PROVIDED MATERIAL:
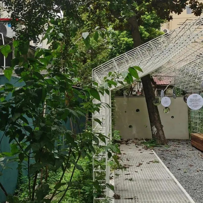 秘密花园里的植物品种也十分丰富。除了区域内原有的雪松、芭蕉、竹子外,还新种植了垂丝海棠、无花果、柠檬、枸杞、迷迭香、鼠尾草、石竹等50余种植物,让花园里四季皆有景,也让居民们可以近距离欣赏到很多并不常见的植物,观察它们的生长过程,丰富自身知识。
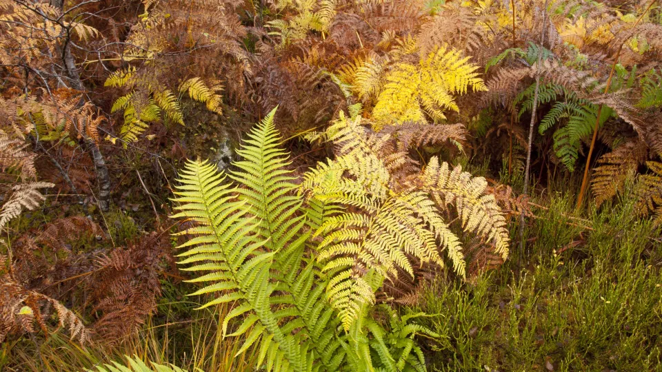 Our most familiar fern, bracken can be found growing in dense stands on hillsides, moorland, heathland and in woodlands. It is very large and dies back in winter, turning the landscape orangey-brown.
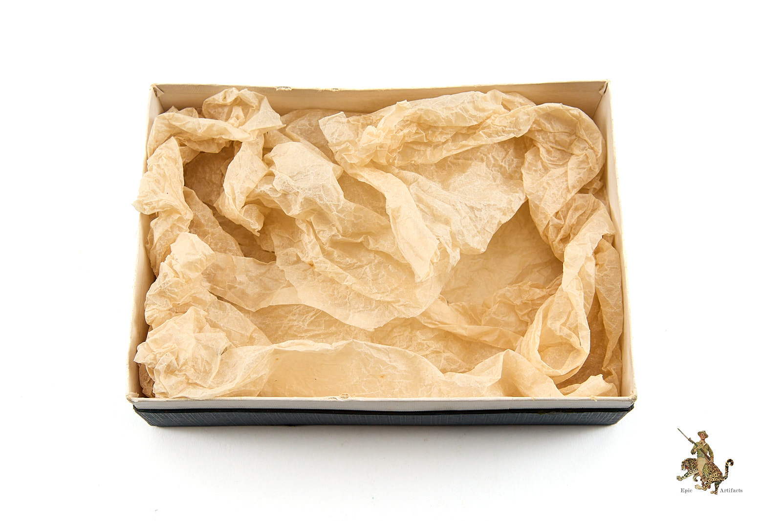The original box remains structurally solid and still contains its original tissue paper. There is a small tear to one corner of the box, but overall presentation remains strong. Altogether, this Type II Veterans Gorget in Box is a well-preserved and visually striking example of period regalia in excellent condition.
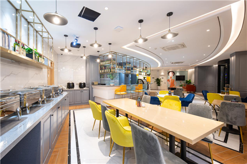 酒店大堂不再只是办理入住登记的地方,而是以灵动空间呈现,增设有休闲区、水吧、自助餐区等,融合了人文艺术、轻社交、健康餐饮(含水吧、自助餐区等)以及生活美学的多功能“城市会客厅”。在这里,可以享用咖啡下午茶,可以社交、可以办公,可以举办多种形式的文创活动,带给客人更多“精致时尚生活”的旅居体验。

TASK REQUIREMENTS: None of the pictures belong in the copy. Write out exactly the lines from the line that holds "Our most familiar" through the last line of the listing above, both ends included.

RESPONSE BELOW:
 Our most familiar fern, bracken can be found growing in dense stands on hillsides, moorland, heathland and in woodlands. It is very large and dies back in winter, turning the landscape orangey-brown.
The original box remains structurally solid and still contains its original tissue paper. There is a small tear to one corner of the box, but overall presentation remains strong. Altogether, this Type II Veterans Gorget in Box is a well-preserved and visually striking example of period regalia in excellent condition.
 酒店大堂不再只是办理入住登记的地方,而是以灵动空间呈现,增设有休闲区、水吧、自助餐区等,融合了人文艺术、轻社交、健康餐饮(含水吧、自助餐区等)以及生活美学的多功能“城市会客厅”。在这里,可以享用咖啡下午茶,可以社交、可以办公,可以举办多种形式的文创活动,带给客人更多“精致时尚生活”的旅居体验。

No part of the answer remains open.